The html file has both sets of code in it.. and can be easily switched from
using tables (current format) to using css code.
with tables (and limiting the number of prefs to 400 - rather than the entire
list) I was able to bring the page up in less than 10 seconds (multiple times).
However, with the css code implementation the same number of prefs take over 170
seconds .... and occasionally taking over 200 seconds.
I'm not sure what this proves other than... tables are better than css at this
point for this implementation.
Comment 41•24 years ago
|
||
well, your css-based view is all crazy - each row has the same ID - you
shouldn't be using ID here, you should be using class. In a given document,
there should only be one element with a given id, not 400!

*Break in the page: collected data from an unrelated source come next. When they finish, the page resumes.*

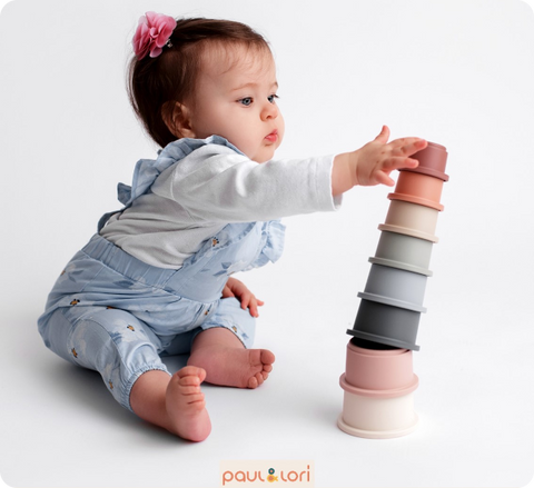 Gleichgewicht & Gravitation: Zum Verstehen von Gleichgewicht und Gravitation hilft nicht nur das aufeinander Stapeln, sondern natürlich genauso das Umwerfen von gebauten Stapelbecher-Türmen. Stapelt einen Turm mit allen Bechern und erforsche mit deinem Baby wie alles zusammenstürzt, wenn man den Turm zum wackeln bringt. Bleibe geduldig und lass dein Baby ruhig Erfahrungen mit dem Umwerfen der Stapelbecher sammeln. Umwerfen ist für dein Baby zunächst einfacher wie das aufbauen. Schafft es dein Baby motorisch schon ein paar Becher zu stapeln? Das muss erst geübt werden und erfordert eine ganze Menge Geschick und Konzentration!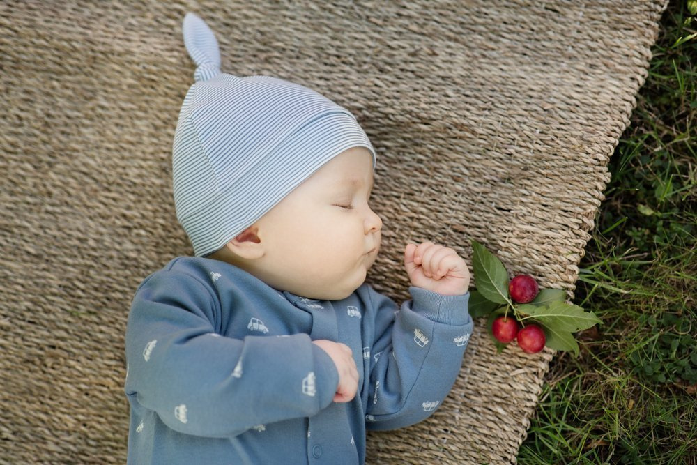 Bawełniana czapka wiązana dobrze przylega do główki, dzięki czemu zapewnia maluchowi ochronę uszu przed chłodem.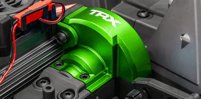 Alüminyum şanzıman kapağı, aracın gövde rengine uyumlu tasarımı ve lazerle işlenmiş Traxxas logosu ile hem şıklığı hem dayanıklılığı bir araya getirir.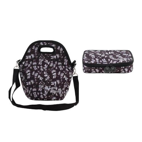Lancheira Minnie Mouse Térmica College Produzida em nylon resistente, com estampas em toda a superfície e bordado com o logotipo da personagem. Possui forro interno com material que permite manter os alimentos frescos por mais tempo. Fechamento com zíper com puxador personalizado e alças reguláveis e destacáveis. Produto Certificado pela Brics OCP 0098 No. Registro: 004773/2017 DIMENSÕES: Largura: 28.5 cm Altura: 30 cm Comprimento: 15 cm Estojo Box Minnie Mouse College Produzido em nylon resistente para te acompanhar no dia-a-dia. Possui aba com elástico para posicionar lápis e canetas e espaço amplo para armazenar os objetos. Zíper com puxador personalizado. Produto Certificado pela Brics OCP 0098 No. Registro: 004803/2017 DIMENSÕES: Largura: 22 cm Altura: 5 cm Comprimento: 14 cm

... it MIGHT be why the CSS one is so slow..(might not, but you never know)
Assignee | ||
Comment 42•24 years ago
|
||
Ok.... changed the ID's to classes and ran it with all prefs (not just 400).
The time just keeps getting slower and slower.
to load 884 prefs (that's 100% of the hash table)
it took 6130.8 seconds (or 102 minutes)
Tables are faster:
27 seconds
Comment 43•24 years ago
|
||
an hour and 42 minutes? something else is clearly wrong.
Assignee | ||
Comment 44•23 years ago
|
||
After some exhausting testing here is what I've found:
Mozilla - # of prefs 100 300 500 900
Internal about:config
builds HTML file
using table 2.25 5.38 10.33 18.67
using CSS 3.75 12.09 33.41 67.43
C++ code
using table 1.67 4.2 8.71 14.95
using CSS 3.24 9.76 27.65 57.55
External HTML page
using table 2.38 5.88 10.67 19.01
using CSS 2.94 8.69 23.65 51.46
I found it odd that CSS would actually run faster using an external HTML page
than it would via a C++ implementation - however, tables are much faster across
the board.
The difference between the tables internal and via the C++ code is insignificant
(IMHO)... vs the advantages of having an HTML file that can be easily edited.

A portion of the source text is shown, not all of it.